Faces…

It struck me the other day that even after a year out here, there are still work colleagues whose faces I have not seen without masks on. Arriving in the middle of the pandemic, masks were required in all public spaces – and rigorously enforced – with more than a few people cited for either having theirs pulled down or not wearing one as they approached the security gates and barriers that dot the landscape. Only when I then see a face without a mask does it register that I have made up the hidden contours, seeing the mask as an integral part of these faces. This brings with it a mild sense of discomfort, stemming from – I think – the fact that even though I have built relationships and friendships with these people, their uncovered faces scream unknown  rather than familiar.

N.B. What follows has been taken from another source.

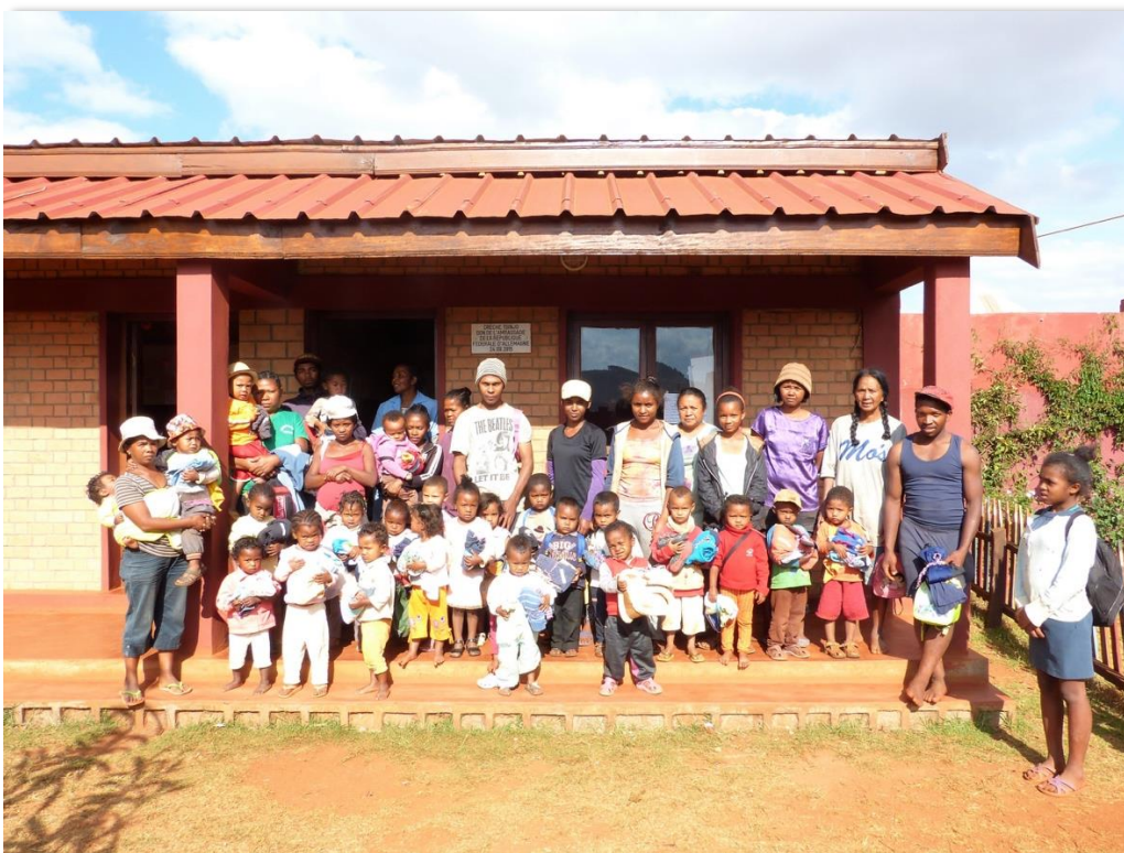
Niños y niñas del jardín de infancia con sus familias

Faces apart, I have found myself returning again and again to Carlos Andres Gomez’ poem, Father. I first heard it read by Pádraig Ó Tuama on the excellent Poetry Unbound podcast, its second stanza perfectly encapsulating how I felt on many a visit to the ICU in the aftermath of L’s arrival.  Those moments, in which I grasped at everything that I hoped could provide certainty, come back to me in lines such as:

I confessed every wrong
of my life to an empty, over-lit room of steel
and sterile instruments

and

I never wanted
so badly to have been wrong
about anything in my life

This, for me, is part of the allure of poetry. Sometimes, amidst the many lines we read, we can feel seen and known in the words of others.